A lot of this is duplicate of patch_instruction(). Can we consolidate
thing between them? 

> ---
>
> Changes in v7:
> * Fixed crash observed with !STRICT_RWX.
>
>
>  arch/powerpc/include/asm/code-patching.h |   1 +
>  arch/powerpc/lib/code-patching.c         | 141 ++++++++++++++++++++++-
>  2 files changed, 139 insertions(+), 3 deletions(-)
>
> diff --git a/arch/powerpc/include/asm/code-patching.h b/arch/powerpc/include/asm/code-patching.h
> index 3f881548fb61..0e29ccf903d0 100644
> --- a/arch/powerpc/include/asm/code-patching.h
> +++ b/arch/powerpc/include/asm/code-patching.h
> @@ -74,6 +74,7 @@ int create_cond_branch(ppc_inst_t *instr, const u32 *addr,
>  int patch_branch(u32 *addr, unsigned long target, int flags);
>  int patch_instruction(u32 *addr, ppc_inst_t instr);
>  int raw_patch_instruction(u32 *addr, ppc_inst_t instr);
> +int patch_instructions(u32 *addr, u32 *code, size_t len, bool repeat_instr);
>  
>  static inline unsigned long patch_site_addr(s32 *site)
>  {
> diff --git a/arch/powerpc/lib/code-patching.c b/arch/powerpc/lib/code-patching.c
> index b00112d7ad46..e1c1fd9246d8 100644
> --- a/arch/powerpc/lib/code-patching.c
> +++ b/arch/powerpc/lib/code-patching.c
> @@ -204,9 +204,6 @@ void __init poking_init(void)
>  {
>  	int ret;
>  
> -	if (!IS_ENABLED(CONFIG_STRICT_KERNEL_RWX))
> -		return;
> -
>  	if (mm_patch_enabled())
>  		ret = cpuhp_setup_state(CPUHP_AP_ONLINE_DYN,
>  					"powerpc/text_poke_mm:online",
> @@ -378,6 +375,144 @@ int patch_instruction(u32 *addr, ppc_inst_t instr)
>  }
>  NOKPROBE_SYMBOL(patch_instruction);
>  
> +static int __patch_instructions(u32 *patch_addr, u32 *code, size_t len, bool repeat_instr)
> +{
> +	unsigned long start = (unsigned long)patch_addr;
> +
> +	/* Repeat instruction */
> +	if (repeat_instr) {
> +		ppc_inst_t instr = ppc_inst_read(code);
> +
> +		if (ppc_inst_prefixed(instr)) {
> +			u64 val = ppc_inst_as_ulong(instr);
> +
> +			memset64((u64 *)patch_addr, val, len / 8);
> +		} else {
> +			u32 val = ppc_inst_val(instr);
> +
> +			memset32(patch_addr, val, len / 4);
> +		}
> +	} else {
> +		memcpy(patch_addr, code, len);
> +	}
> +
> +	smp_wmb();	/* smp write barrier */
> +	flush_icache_range(start, start + len);
> +	return 0;
> +}
> +
> +/*
> + * A page is mapped and instructions that fit the page are patched.

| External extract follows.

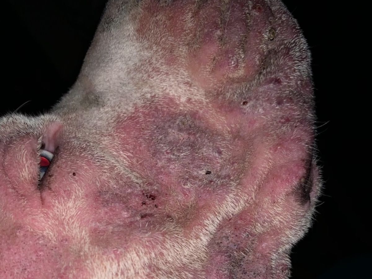 Oden was recently rescued from an abusive owner he was addicted to meth and smoked around the dog and lived in a car . He has some sort of skin condition and a fatty cyst type lump in his neck anything helps ! I recently lost my job and can’t afford to help him he’s my best friend!

> + * Assumes 'len' to be (PAGE_SIZE - offset_in_page(addr)) or below.
> + */
> +static int __do_patch_instructions_mm(u32 *addr, u32 *code, size_t len, bool repeat_instr)
> +{
> +	struct mm_struct *patching_mm, *orig_mm;
> +	unsigned long pfn = get_patch_pfn(addr);
> +	unsigned long text_poke_addr;
> +	spinlock_t *ptl;
> +	u32 *patch_addr;
> +	pte_t *pte;
> +	int err;
> +
> +	patching_mm = __this_cpu_read(cpu_patching_context.mm);
> +	text_poke_addr = __this_cpu_read(cpu_patching_context.addr);
> +	patch_addr = (u32 *)(text_poke_addr + offset_in_page(addr));
> +
> +	pte = get_locked_pte(patching_mm, text_poke_addr, &ptl);
> +	if (!pte)
> +		return -ENOMEM;
> +
> +	__set_pte_at(patching_mm, text_poke_addr, pte, pfn_pte(pfn, PAGE_KERNEL), 0);
> +
> +	/* order PTE update before use, also serves as the hwsync */
> +	asm volatile("ptesync" ::: "memory");
> +
> +	/* order context switch after arbitrary prior code */
> +	isync();
> +
> +	orig_mm = start_using_temp_mm(patching_mm);
> +
> +	err = __patch_instructions(patch_addr, code, len, repeat_instr);
> +
> +	/* context synchronisation performed by __patch_instructions */
> +	stop_using_temp_mm(patching_mm, orig_mm);
> +
> +	pte_clear(patching_mm, text_poke_addr, pte);
> +	/*
> +	 * ptesync to order PTE update before TLB invalidation done
> +	 * by radix__local_flush_tlb_page_psize (in _tlbiel_va)
> +	 */
> +	local_flush_tlb_page_psize(patching_mm, text_poke_addr, mmu_virtual_psize);
> +
> +	pte_unmap_unlock(pte, ptl);
> +
> +	return err;
> +}
> +
> +/*
> + * A page is mapped and instructions that fit the page are patched.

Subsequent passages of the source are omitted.